The authors declare no competing financial interests.

Extended data figures and tables

Extended Data Figure 1 Maternal and embryonic gene expression patterns.

a, Immunocytochemical detection of Gapdh signal demonstrated even distribution in nuclei and cytoplasm in MII oocytes and interphase zygotes and two-cell embryos (original magnification, ×400). b, Expression of Gapdh normalized to Actb. No significant differences were seen between intact and enucleated two-cell embryos (four replicates each containing pooled RNA from five embryos, P > 0.05). c, Gapdh expression was relatively low and constant with no significant differences seen until the eight-cell stage. Expression was increased in 16-cell embryos and blastocysts (three replicates each containing pooled RNA from ten embryos, *P < 0.05; **P < 0.01). d, Gene expression of the transcriptional regulators Bmi1, Hsf1, Brg1, Sall4 and Esrrb, the transcription factor Oct4, and epigenetic factors Apobec1, Aid and Tet1 during mouse pre-implantation embryo development. The level of expression of Brg1, Apobec1, Oct4, Sall4, Aid, Tet1 and Esrrb underwent marked increases at or after the four-cell stage. The red bars indicate enucleated oocytes, zygotes or two-cell embryos. No significant differences were observed between intact and enucleated counterparts (n = 3 biological replicates, P > 0.05). Gene expression was normalized to Gapdh. Error bars indicate average ± s.d. cyto, cytoplast; I, interphase; M, metaphase; MII, metaphase II-arrested oocyte; Z, zygote.

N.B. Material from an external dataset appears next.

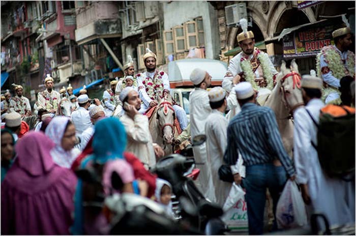 2012年前往孟买参加大型传统伊斯兰婚礼的新郎队伍。2012年曾有318对夫妇同时在那里成婚。

Extended Data Figure 2 Protein expression of candidate reprogramming factors.

a, Immunocytochemical detection of Bmi1, Hsf1 and Brg1 in zygotic interphase, metaphase and two-cell interphase embryos. The expression pattern of these proteins was similar to that observed for mRNA expression (Extended Data Fig. 1d). I2C embryos were fixed 4 h after cleavage. I, interphase; M, metaphase; Z, zygote. b, Western blot detection of Brg1 in nuclear donor cells and in intact and enucleated two-cell embryos (n = 40). c, Immunocytochemical detection of Brg1 and Hsf1 in nuclear donor FFs and ES cells. Scale bars, 400 µm. d, Immunocytochemical detection of Brg1 and Hsf1 in SCNT embryos (original magnification, ×400). MII, MII oocyte.

Extended Data Figure 3 Cell cycle determination in nuclear donor cells.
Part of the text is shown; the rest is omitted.